__What you need to do__: Any picture in the listing is left out of the copy; all else is duplicated exactly.
=== Collected material ===
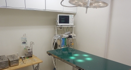 手術を行う部屋です。奥に見えるのが麻酔器、及び生体情報モニターです。モニターには心拍数や心電図、呼吸数、血圧、動脈血酸素飽和度、CO2濃度、吸入麻酔薬濃度等の情報が表示され、安全に手術を行います。
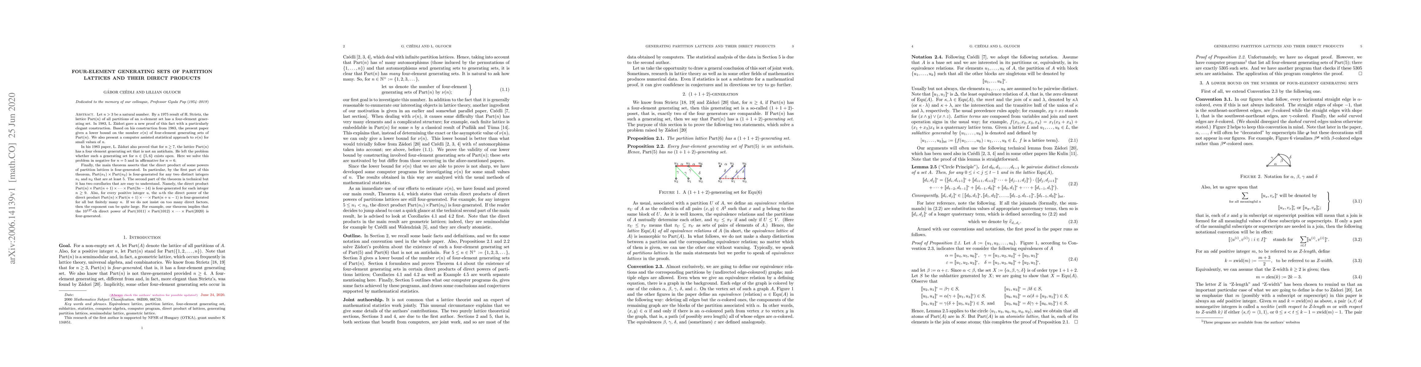 Let $n>3$ be a natural number. By a 1975 result of H. Strietz, the lattice Part$(n)$ of all partitions of an $n$-element set has a four-element generating set. In 1983, L. Z\'adori gave a new proof of this fact with a particularly elegant construction. Based on his construction from 1983, the present paper gives a lower bound on the number $\nu(n)$ of four-element generating sets of Part$(n)$. We also present a computer assisted statistical approach to $\nu(n)$ for small values of $n$. In his 1983 paper, L. Z\'adori also proved that for $n\geq 7$, the lattice Part$(n)$ has a four element generating set that is not an antichain. He left the problem whether such a generating set for $n\in\{5,6\}$ exists open. Here we solve this problem in negative for $n=5$ and in affirmative for $n=6$. Finally, the main theorem asserts that the direct product of some powers of partition lattices is four-generated. In particular, by the first part of this theorem, Part$(n_1)\times$ Part$(n_2)$ is four-generated for any two distinct integers $n_1$ and $n_2$ that are at least 5. The second part of the theorem is technical but it has two corollaries that are easy to understand. Namely, the direct product Part$(n)$ $\times$ Part$(n+1)$ $\times\dots\times$ Part$(3n-14)$ is four-generated for each integer $n\geq 9$. Also, for every positive integer $u$, the $u$-th the direct power of the direct product Part$(n)$ $\times$ Part$(n+1)$ $\times\dots\times$ Part$(n+u-1)$ is four-generated for all but finitely many $n$. If we do not insist on too many direct factors, then the exponent can be quite large. For example, our theorem implies that the $10^{127}$-th direct power of Part$(1011)$ $\times$ Part$(1012)$ $\times \dots \times$ Part$(2020)$ is four-generated.
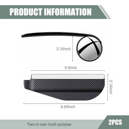 Product Details: You will receive 2 x 2-in-1 rear view blind spot mirror rain eyebrow. The rain eyebrow measures 6.69″ x 2.16″, the small round mirror is 2.16″ in diameter, and the adhesive length is 5.9″. Slim design does not affect the folding of side view mirrors. Suitable for most car rearview mirror accessories, two-in-one design, one step, no need to buy separately, saving time and money.
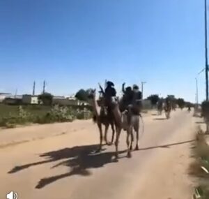 وأظهرت مقاطع فيديو، مسلحين على ظهور جمال يجوبون شوارع مدينة الفاشر، في مشاهد أعادت للأذهان حرب دارفور الأولى التي اندلعت في 2003 بين الجيش الحكومي والحركات المسلحة، حيث كانت “مليشيا الجنجويد” التي كونها نظام الرئيس المخلوع عمر البشير، تجتاح القرى والمناطق المدنية، وهي تمطي الخيول والجمال، ومن على ظهورها ارتكبت جرائم حرب وجرائم ضد الإنسانية.
===
__Output of the task__:
 手術を行う部屋です。奥に見えるのが麻酔器、及び生体情報モニターです。モニターには心拍数や心電図、呼吸数、血圧、動脈血酸素飽和度、CO2濃度、吸入麻酔薬濃度等の情報が表示され、安全に手術を行います。
 Let $n>3$ be a natural number. By a 1975 result of H. Strietz, the lattice Part$(n)$ of all partitions of an $n$-element set has a four-element generating set. In 1983, L. Z\'adori gave a new proof of this fact with a particularly elegant construction. Based on his construction from 1983, the present paper gives a lower bound on the number $\nu(n)$ of four-element generating sets of Part$(n)$. We also present a computer assisted statistical approach to $\nu(n)$ for small values of $n$. In his 1983 paper, L. Z\'adori also proved that for $n\geq 7$, the lattice Part$(n)$ has a four element generating set that is not an antichain. He left the problem whether such a generating set for $n\in\{5,6\}$ exists open. Here we solve this problem in negative for $n=5$ and in affirmative for $n=6$. Finally, the main theorem asserts that the direct product of some powers of partition lattices is four-generated. In particular, by the first part of this theorem, Part$(n_1)\times$ Part$(n_2)$ is four-generated for any two distinct integers $n_1$ and $n_2$ that are at least 5. The second part of the theorem is technical but it has two corollaries that are easy to understand. Namely, the direct product Part$(n)$ $\times$ Part$(n+1)$ $\times\dots\times$ Part$(3n-14)$ is four-generated for each integer $n\geq 9$. Also, for every positive integer $u$, the $u$-th the direct power of the direct product Part$(n)$ $\times$ Part$(n+1)$ $\times\dots\times$ Part$(n+u-1)$ is four-generated for all but finitely many $n$. If we do not insist on too many direct factors, then the exponent can be quite large. For example, our theorem implies that the $10^{127}$-th direct power of Part$(1011)$ $\times$ Part$(1012)$ $\times \dots \times$ Part$(2020)$ is four-generated.
 Product Details: You will receive 2 x 2-in-1 rear view blind spot mirror rain eyebrow. The rain eyebrow measures 6.69″ x 2.16″, the small round mirror is 2.16″ in diameter, and the adhesive length is 5.9″. Slim design does not affect the folding of side view mirrors. Suitable for most car rearview mirror accessories, two-in-one design, one step, no need to buy separately, saving time and money.
 وأظهرت مقاطع فيديو، مسلحين على ظهور جمال يجوبون شوارع مدينة الفاشر، في مشاهد أعادت للأذهان حرب دارفور الأولى التي اندلعت في 2003 بين الجيش الحكومي والحركات المسلحة، حيث كانت “مليشيا الجنجويد” التي كونها نظام الرئيس المخلوع عمر البشير، تجتاح القرى والمناطق المدنية، وهي تمطي الخيول والجمال، ومن على ظهورها ارتكبت جرائم حرب وجرائم ضد الإنسانية.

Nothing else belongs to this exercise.